A couple of interesting things that can happen at the ground when the
electrical forces get high enough. Attraction between positive
charge in the ground and the layer of negative charge in the cloud can
become strong enough that a person's hair will literally stand on end
(a dangerous situation to be in). St. Elmo's fire is a faint
electrical discharge that sometimes develops at the tops of elevated
objects during thundestorms.
Most cloud to ground discharges begin with a negatively
charged
downward moving stepped leader. It makes its way down toward the
cloud in 50 m jumps that occur every 50 millionths of a second or
so. Every jump produces a short flash of light. An upward
discharge is initiated when the stepped leader nears the ground.
A powerful return stroke travels back up the channel (and out into all
the branches) once the upward discharge and the stepped leader
meet. These three steps are shown in additional detail below.
A sequence of stepped leader steps,
Several
positively charged upward discharges begin to travel upward from the
ground. One
of these will eventually intercept the stepped leader.
This
is what determines what will be struck by the lightning.
Lightning doesn't really know what it will strike until it gets close
to the ground. Lightning rods take advantage of this principle.
Houses with and without lightning rods are shown
above. When lightning strikes the house without a lightning rod
the powerful return stroke travels into the house destroying the TV and
possibly starting the house on fire.
A lightning rod is supposed to intercept the stepped leader and safely
carry the lightning current around the house and into the ground.
The
connection between the stepped leader and the upward discharge creates
a "short circuit" between the charge in the cloud and the charge in the
ground. A powerful current travels back up the channel from the
ground toward the cloud. This is the return stroke. Large
currents (typically 30,000 amps in the first return stroke) heat the
air to around 30,000K (5 times hotter than the
surface of the sun) which causes the air to explode. When you
hear thunder, you are hearing the sound produced by this explosion.
Stepped leader - upward connecting discharge - return stroke
animation
Many cloud-to-ground flashes end at this point.
In about 50% of cloud to ground discharges,
the stepped leader-upward
discharge-return stroke sequence repeats itself with a few subtle
differences. A downward dart leader travels from the cloud to the
ground. The dart leader doesn't step but travels smoothly and follows
the channel created by the stepped leader (avoiding the
branches).

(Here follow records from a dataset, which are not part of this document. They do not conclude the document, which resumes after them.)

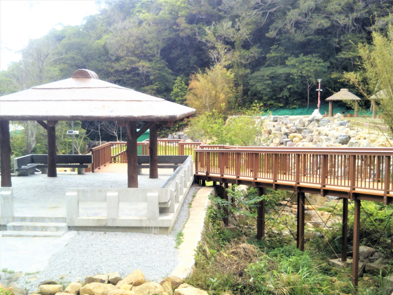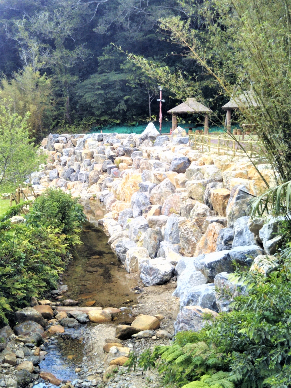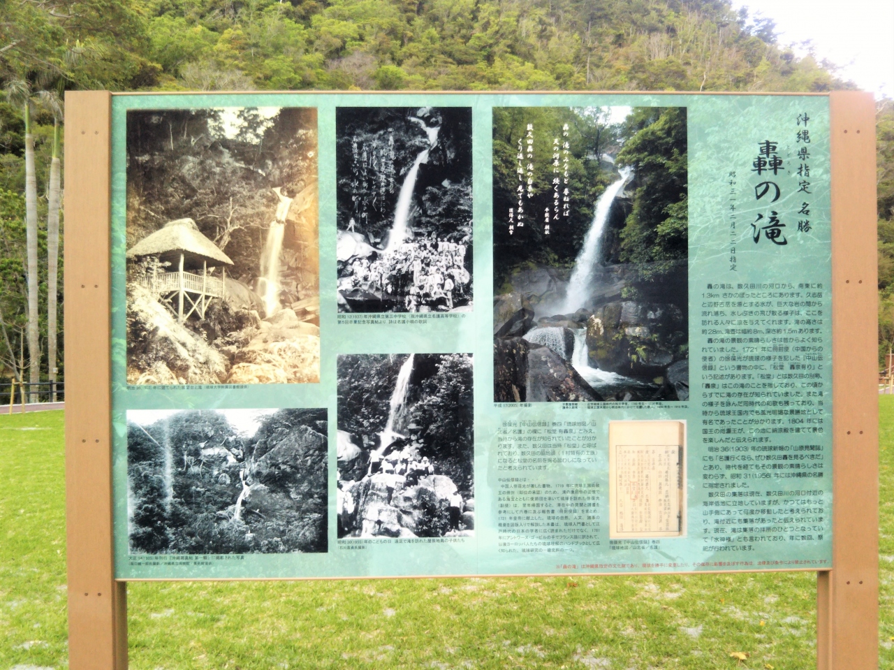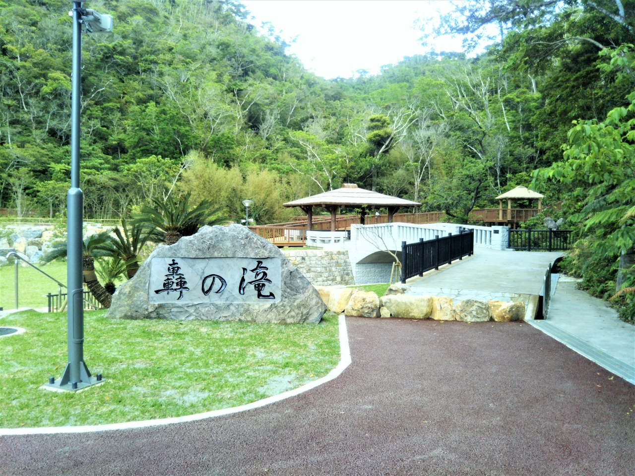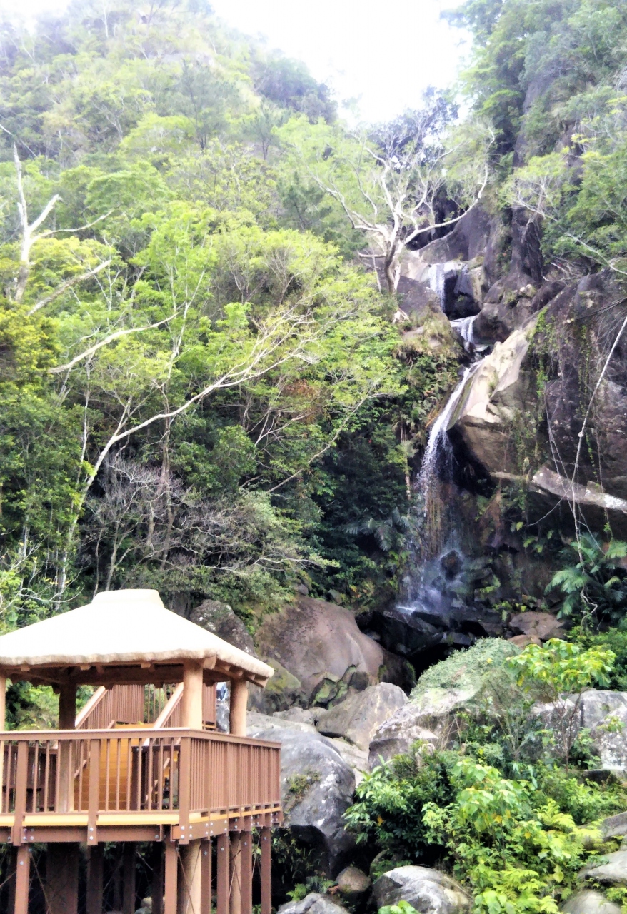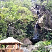 名護市の国道58号線、数久田(すくた)交差点を右折し暫く行くとあります。高さ約28m、滝壷の幅約6m。水量がそれほどでもなく、やや迫力には欠けますが、国道から近く、手軽に行けます。周辺は最近、公園として整備されたようで、駐車場・トイレもあります。
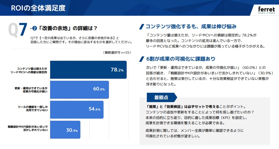 一方、「改善の余地がある」とした層では、コンテンツ量は増えたものの「リードやCVへの貢献が限定的(78.2%)」であったり、「成果の可視化が弱い(60.0%)」といった課題を抱えています。 施策は実行できているものの、「やりっぱなし」にならず正しく効果検証できるかどうかが、満足度をさらに引き上げるための壁となっているようです。
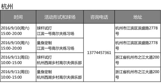Titleist 9月杭州试打体验及高球优选活动安排
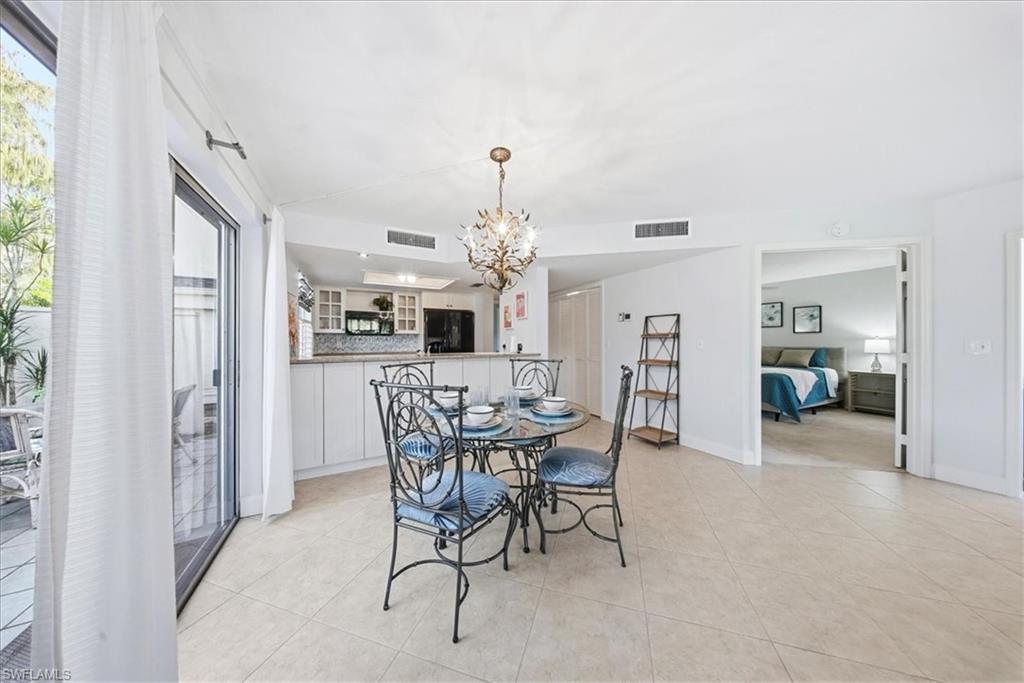 Welcome to Camelot at Kings Lake—a bright, well-maintained first-floor 2BR/2BA condo offering 1, 165 sq ft of comfortable Florida living. Enjoy the privacy of a separate front entry and a spacious open layout that flows from the living and dining areas into an enclosed Florida sunroom, ideal for a den, sitting area, or flexible bonus space. The community features lush walking/biking paths, a community pool, and tennis/pickleball, all within a quiet, beautifully landscaped setting. Conveniently located near Kings Lake Square shopping and dining, and just minutes to downtown Naples, 5th Avenue, and Gulf beaches.

It is followed by a slightly less powerful subsequent
return stroke that travels back up the channel to the cloud.
A normal still photograph would capture the separate
return strokes
superimposed on each other. If you bumped or moved the camera
during the photograph the separate return strokes would be spread out
on the image.
The image above shows a multiple stroke flash consisting of 4 separate
return strokes.
There is enough time between separate return strokes (around 1/10 th
second) that your eye can
separate the individual flashes of light.
When lightning appears
to flicker you are seeing the separate return strokes in a multiple
stroke flash. The whole flash usually lasts 0.5 to 1 second.
Here are
some unusual types of lightning.
Occasionally a lightning stroke will travel from the
positive charge
region in the top of the thunderstorm cloud to ground. These
types of strikes are more common at the ends of storms and in winter
storms. This is probably because the top part of the cloud gets
pushed sideways away from the middle and bottom portions of the
cloud. Positive strokes are very powerful. They sometimes
produce an unusually loud and long lasting clap of thunder.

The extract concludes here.